Dosing cohorts of 50, 100, 200, and 400 mg/day, involving 48 patients, have been completed with once-daily oral dosing. Dose-related decreases in serum HCV RNA were observed during treatment, ranging from a mean 0.15 log10 at the lowest dose (50 mg/day) to 0.73 log10 at 400 mg/day, half the anticipated maximal dosing in this ongoing trial. Tolerance of study treatment has been satisfactory, with no serious adverse events, dose-limiting toxicities, or pattern of laboratory abnormalities. At 400 mg/day, some NM283-treated patients experienced transient mild nausea (5/10) or vomiting (2/10) on Day 1, but all patients completed treatment without modification. NM283 is well-absorbed, with dose-proportional plasma drug levels.

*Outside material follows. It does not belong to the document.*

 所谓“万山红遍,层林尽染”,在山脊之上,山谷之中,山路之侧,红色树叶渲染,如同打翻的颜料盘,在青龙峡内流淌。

Final data, including higher NM283 doses, will be reported.

 

Conclusions

NM283 exhibits consistent antiviral activity with satisfactory tolerance and linear pharmacokinetics in HCV-1 infected chronic hepatitis C patients. Expanded testing of NM283, alone and in combination with peg-interferon, is anticipated.

 

Hepatitis C Virus Infection After Liver Transplantation-Early and Dose Escalating Antiviral Therapy with Interferon Alpha and Ribavirin Increases Tolerability Without Losing Effectiveness

M. Schuchmann 1, G. Greif-Higer1, M. Wunsch2, C. Mönch2, A.P. Barreiros1, B. Elke1, W.O. Böcher1, S. Kanzler1, P.R. Galle1, A.W. Lohse1, G. Otto2.

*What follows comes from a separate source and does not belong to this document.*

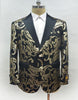 One Button Single Breasted Shawl Lapel One Chest Pocket Flap Two Pockets Floral Pattern Four Button Cuff Color: Black-Gold

1 Department of Medicine, 2Department of Transplantation Surgery, University of Mainz, Mainz, Germany.

 

Background

Due to inevitable re-infection of the graft, survival of patients with HCV after LTX is worse compared to HCV negative patients.

 

Methods

From 1997-8/2003 206 patients (55 HCV pos) underwent liver transplantation at our center. From July 2000, patients with HCV re-infection - proven by transaminases and liver biopsy - were treated as early as possible (4-12 weeks after LTX): A 4-week period of monotherapy with low dose interferon alpha (IFN alpha) was followed from week 5 on by a dose escalation according to body weight and additional treatment with Ribavirin.

 

Results

HCV pos. patients had a worse survival after liver transplantation compared to HCV neg. patients (60 vs. 79% two-years-survival; p<0.059). Re-infection was proven in 50% of the patients within 150 days after LTX and survival among this group was significantly worse (p<0.02). Up to now we treated 21 patients with an antiviral therapy with IFN alpha and Ribavirin. 8 patients are still under treatment - 4 of them show virological response. Among the other 13 patients, 2 had a sustained viral response, 2 patients had to stop therapy due to side effects, 4 were non-responders and 5 patients died before completing the therapy.

 

Conclusion

HCV pos. recipients have a worse survival after liver transplantation compared to HCV neg. patients. Our preliminary experience with an early onset, dose escalating and therefore better tolerated regimen of therapy with IFN alpha and Ribavirin demonstrates that complete viral response can be achieved and merits to be tested in a randomized trial.